• [SUPPLIED MATERIAL]
________________________

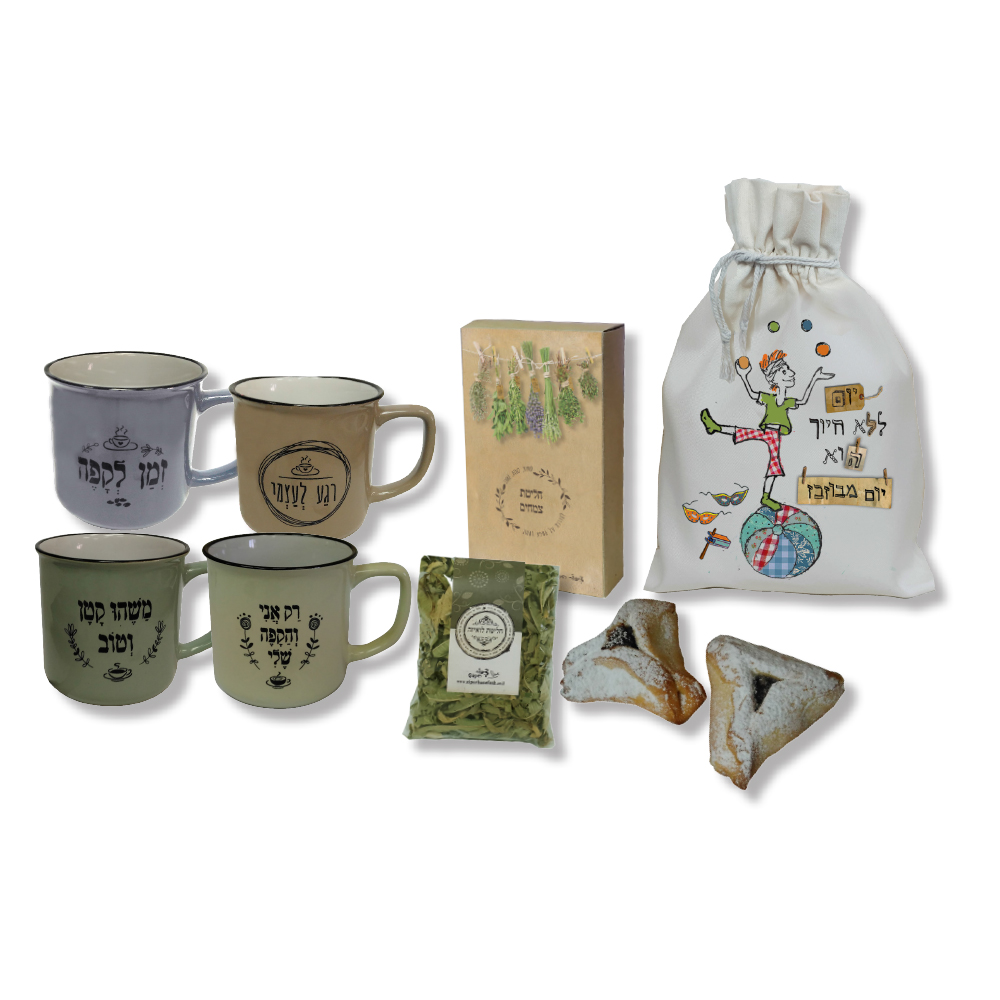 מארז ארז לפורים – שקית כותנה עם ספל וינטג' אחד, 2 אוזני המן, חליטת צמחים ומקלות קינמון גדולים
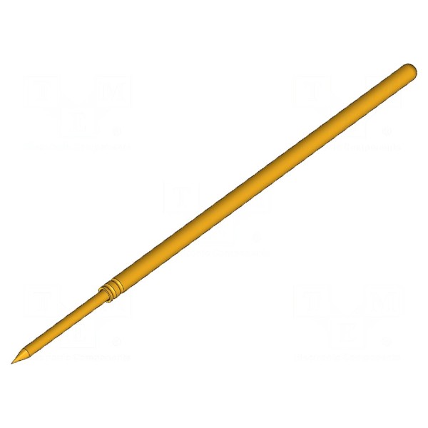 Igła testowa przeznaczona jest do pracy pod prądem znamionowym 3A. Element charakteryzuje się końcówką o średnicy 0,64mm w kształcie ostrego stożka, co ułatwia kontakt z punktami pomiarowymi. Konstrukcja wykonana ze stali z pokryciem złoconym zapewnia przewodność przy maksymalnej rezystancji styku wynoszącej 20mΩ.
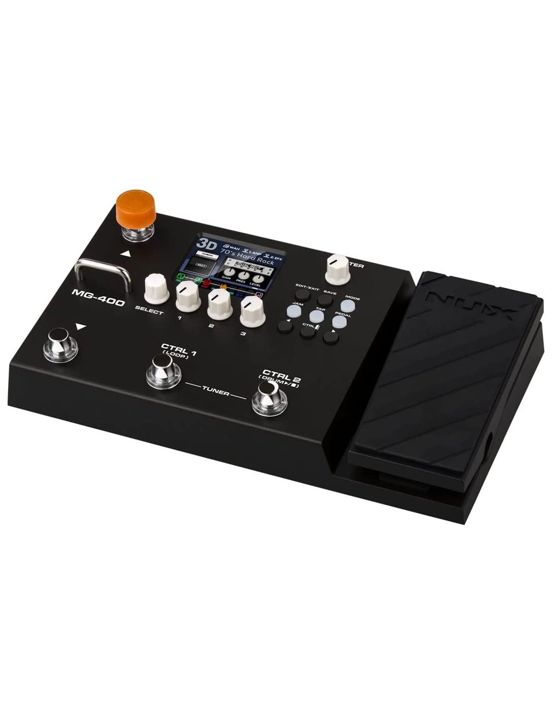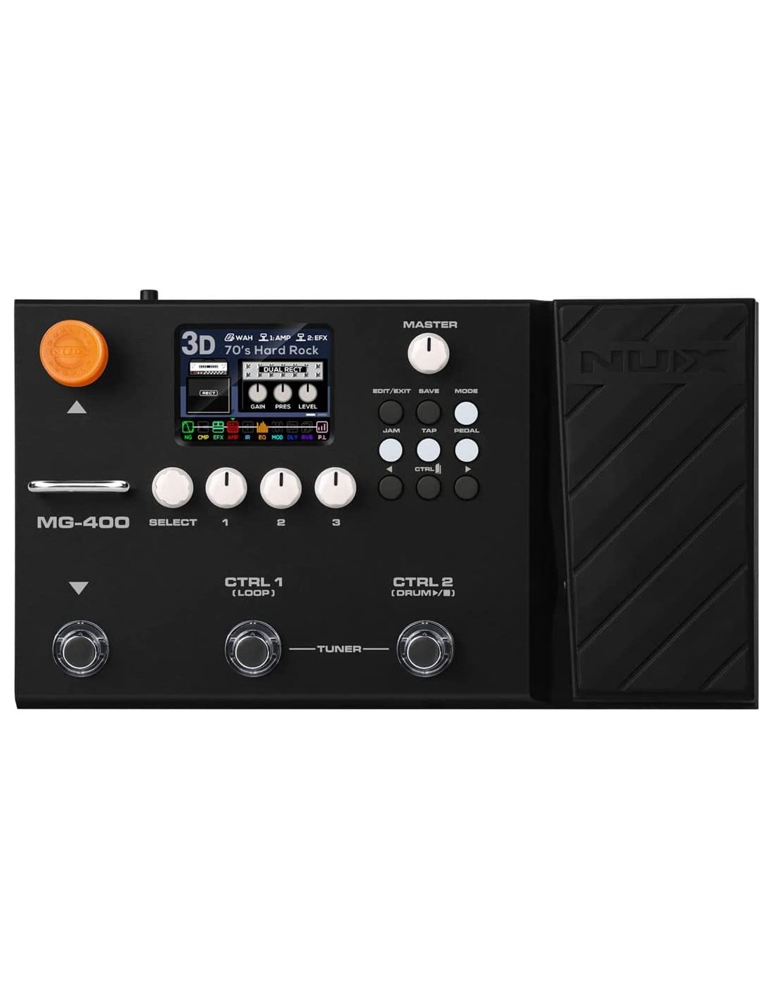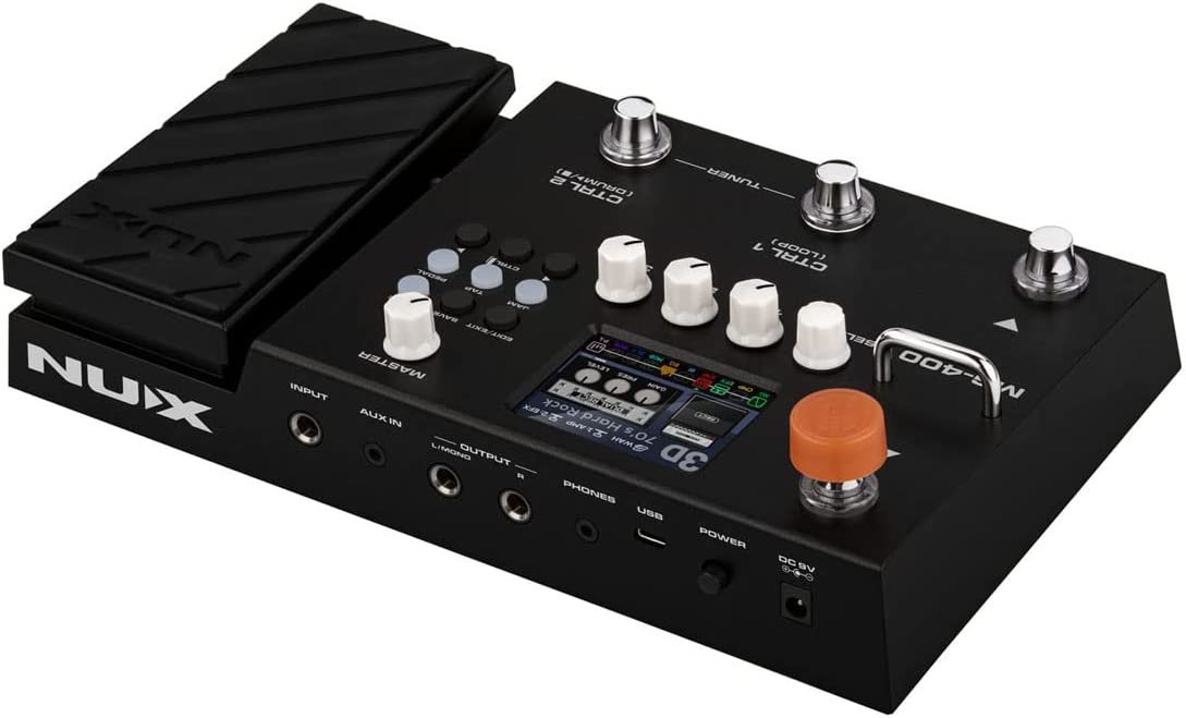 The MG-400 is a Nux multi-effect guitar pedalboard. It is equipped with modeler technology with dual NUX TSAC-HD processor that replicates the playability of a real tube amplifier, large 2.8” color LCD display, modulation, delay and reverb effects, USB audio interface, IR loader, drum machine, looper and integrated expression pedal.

________________________

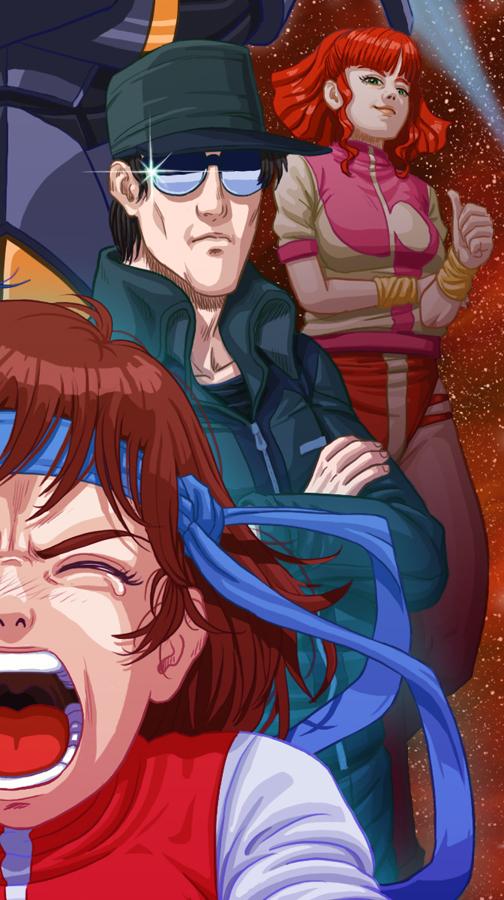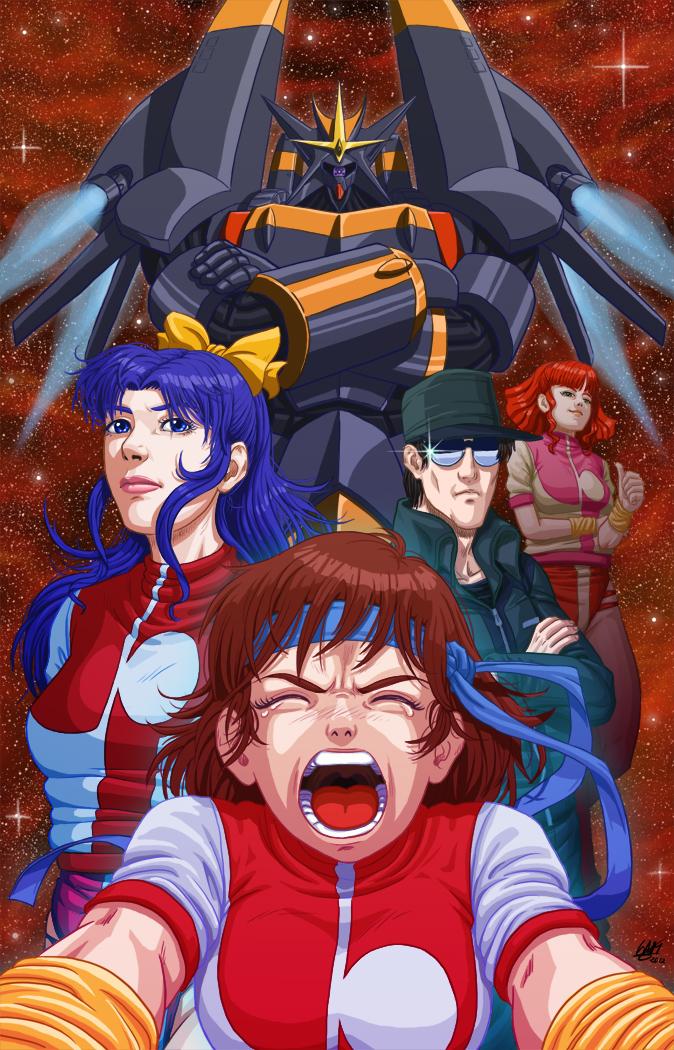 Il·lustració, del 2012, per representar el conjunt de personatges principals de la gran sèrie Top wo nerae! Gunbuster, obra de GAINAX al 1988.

________________________

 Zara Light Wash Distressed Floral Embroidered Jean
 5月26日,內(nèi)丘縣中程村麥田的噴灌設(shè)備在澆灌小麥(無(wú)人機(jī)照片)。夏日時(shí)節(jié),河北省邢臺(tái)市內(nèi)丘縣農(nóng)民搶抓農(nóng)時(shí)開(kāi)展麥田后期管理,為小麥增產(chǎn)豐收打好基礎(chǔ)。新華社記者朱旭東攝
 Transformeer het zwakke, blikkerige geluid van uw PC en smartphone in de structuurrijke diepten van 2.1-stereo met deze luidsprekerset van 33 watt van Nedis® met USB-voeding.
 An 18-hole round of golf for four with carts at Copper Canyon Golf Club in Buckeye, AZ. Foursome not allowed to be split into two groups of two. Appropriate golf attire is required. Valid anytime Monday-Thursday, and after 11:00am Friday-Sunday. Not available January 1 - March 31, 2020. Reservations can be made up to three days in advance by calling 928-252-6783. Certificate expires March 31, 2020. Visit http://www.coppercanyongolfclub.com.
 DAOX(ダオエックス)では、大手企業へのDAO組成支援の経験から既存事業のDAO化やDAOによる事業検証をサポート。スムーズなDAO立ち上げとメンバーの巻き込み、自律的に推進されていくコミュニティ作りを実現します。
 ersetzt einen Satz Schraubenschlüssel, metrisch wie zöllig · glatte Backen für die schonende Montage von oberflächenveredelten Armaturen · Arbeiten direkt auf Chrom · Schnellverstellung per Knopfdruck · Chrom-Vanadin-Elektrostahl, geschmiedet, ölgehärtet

________________________

• [ACTION ITEM] Print an exact copy of the lines above, from the one containing "מארז ארז לפורים" through the one containing "The MG-400 is", and leave out the pictures.

• [ANSWER BOX]
 מארז ארז לפורים – שקית כותנה עם ספל וינטג' אחד, 2 אוזני המן, חליטת צמחים ומקלות קינמון גדולים
 Igła testowa przeznaczona jest do pracy pod prądem znamionowym 3A. Element charakteryzuje się końcówką o średnicy 0,64mm w kształcie ostrego stożka, co ułatwia kontakt z punktami pomiarowymi. Konstrukcja wykonana ze stali z pokryciem złoconym zapewnia przewodność przy maksymalnej rezystancji styku wynoszącej 20mΩ.
 The MG-400 is a Nux multi-effect guitar pedalboard. It is equipped with modeler technology with dual NUX TSAC-HD processor that replicates the playability of a real tube amplifier, large 2.8” color LCD display, modulation, delay and reverb effects, USB audio interface, IR loader, drum machine, looper and integrated expression pedal.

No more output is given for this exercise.